Occupational Drivers License
DISCLAIMER: The information contained in this section is Not purported to be all inclusive.This publication is a research tool and NOT the counsel of an attorney. This publication is NOT a substitute for the advice of an attorney, you are strongly encouraged to consult the actual law, or consult with an attorney for answers.
Procedures for Occupational Driver's License
ODL Check List (Updated 1/29/2021
IF YOUR LICENSE WAS SUSPENDED, BUT YOU NEED TO DRIVE, YOU CAN ASK THE COURT FOR AN OCCUPATIONAL DRIVER’S LICENSE IF:
You do NOT have access to public transportation and
You need to drive to work or school or essential household duties
An Occupational Driver’s License (ODL) is a restricted license that lets you drive at certain times, on specific days, under certain conditions. (See transportation code Chapter 521 and 601) AND see the questions/answers below for more information).
Q. How do I ask for an ODL?
A. Fill out these forms:
Petition for Occupational Driver’s License and The Petition asks you to explain why you have an essential need to drive. This means you need to drive to:
Do your job
Get to and from work or school, or
Do essential household duties
Q. Where do I take my completed forms?
A. If your license was suspended because of a DUI (Driving under the Influence) conviction, take your Petition to the clerk in the same county where you were convicted. (DO NOT sign until you are in front of a notary public).
If your license was not suspended because of a DUI, file the Petition at the County Clerk’s office, the District Clerk’s office or the Justice of the Peace Court in the county (and Precinct of filing in Justice of the Peace Court) where you live or where your license was suspended.
Q. Can anyone get an ODL?
A. No. (Note: In order to obtain an occupational license, you must demonstrate an essential need to operate a motor vehicle. The Texas Transportation Coded defines "essential need" as the "need of a person for the operation of a motor vehicle: (A) in the performance of an occupation or trade or for transportation to and from the place at which the person practices the person's occupation or trade; (B) for transportation to and from an educational facility in which the person is enrolled; or (c) in the performance of essential household duties." In order to demonstrate an essential need to operate a motor vehicle, you may attach additional documentation,
*****You cannot get an ODL if:
Your license was suspended because of a mental or physical disability
You need it to drive a commercial motor vehicle, or
The Judge thinks you do not have an essential need or is worried about public safety
Q. Do I have to go to a court hearing?
A. Yes. You must go to your hearing and explain why you have an essential need to drive. You must also take a certified copy of your driving record. (There is a fee for requesting your driving record)You may ask for your driving record at the Texas Department of Public Safety or
order online at http://www.txdps.state.tx.us/DriverLicense/driverrecords.htm. The Judge may ask you why public transportation and
getting rides from friends/relatives does not meet your needs.

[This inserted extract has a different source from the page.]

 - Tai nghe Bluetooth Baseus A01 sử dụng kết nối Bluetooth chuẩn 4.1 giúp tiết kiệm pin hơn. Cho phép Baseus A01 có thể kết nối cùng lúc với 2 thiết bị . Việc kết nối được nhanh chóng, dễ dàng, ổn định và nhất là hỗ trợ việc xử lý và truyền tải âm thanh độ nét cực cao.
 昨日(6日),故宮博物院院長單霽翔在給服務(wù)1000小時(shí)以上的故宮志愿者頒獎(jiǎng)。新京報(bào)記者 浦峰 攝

Q. Will the State have a lawyer against me?
A. Yes, if your license was suspended because of:
A criminal homicide. DUI, intoxication assault, intoxication manslaughter, or
You were under 21 and under your license was suspended according to Texas Transportation Code 521.342
The State lawyer may try to convince the Judge to not give you a license. The Judge will listen to both sides and make a decision.
Q. What should I take to my court hearing?

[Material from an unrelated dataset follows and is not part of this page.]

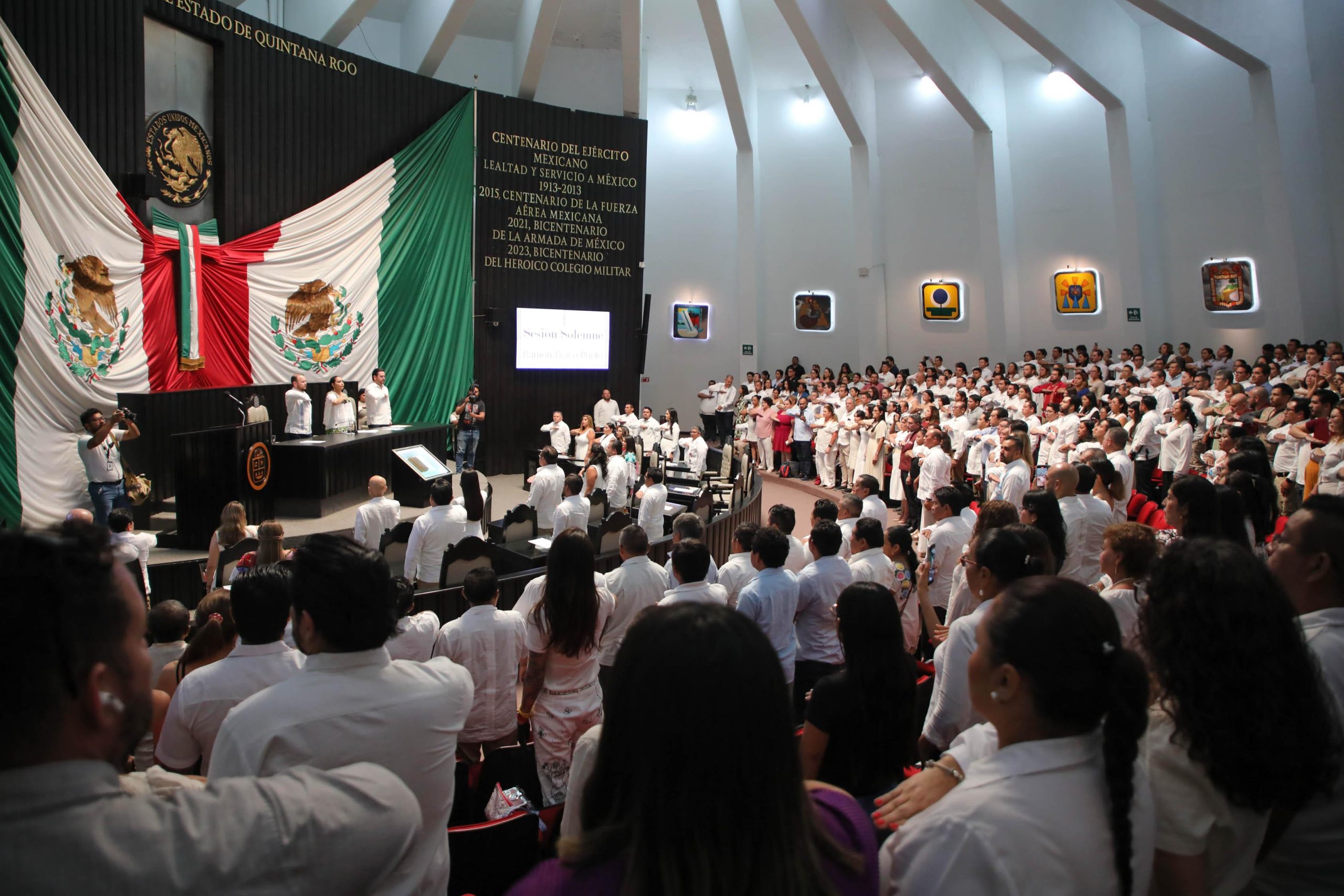 La presea fue entregada por la presidenta de la Mesa Directiva Luz Gabriela Mora Castillo, el secretario de Ecología y Medio Ambiente Oscar Rébora Aguilera en representación de la gobernadora Mara Lezama y el magistrado Heyden Cebada Rivas, presidente del Tribunal Superior de Justicia del Estado, quienes fueron recibidos por el Diputado Presidente de la Junta de Gobierno y Coordinación Política, Jorge Sanén.

A. Fill out the Order and take it with you to your hearing. If the Judge does not sign the Order, you will not get an ODL. If the Judge decides to let you drive, she/he will sign the order and mark the restrictions.
Attach these documents to your Petition:
A certified copy of your driver’s license record
Proof of current valid auto liability insurance and a copy of an SR22 from your insurance company
A copy of the Court Order that suspended your license
A letter from your employer or immediate supervisor on your employer’s letterhead (or an affidavit) that verifies your work schedule, if you have asked the court to let you drive to work. We will also need your employer or immediate supervisor phone number.
WARNING! You must follow the Judge’s restrictions or you will lose your ODL and face criminal charges.
Need help? Talk to a lawyer. To find one, call your local lawyer referral service.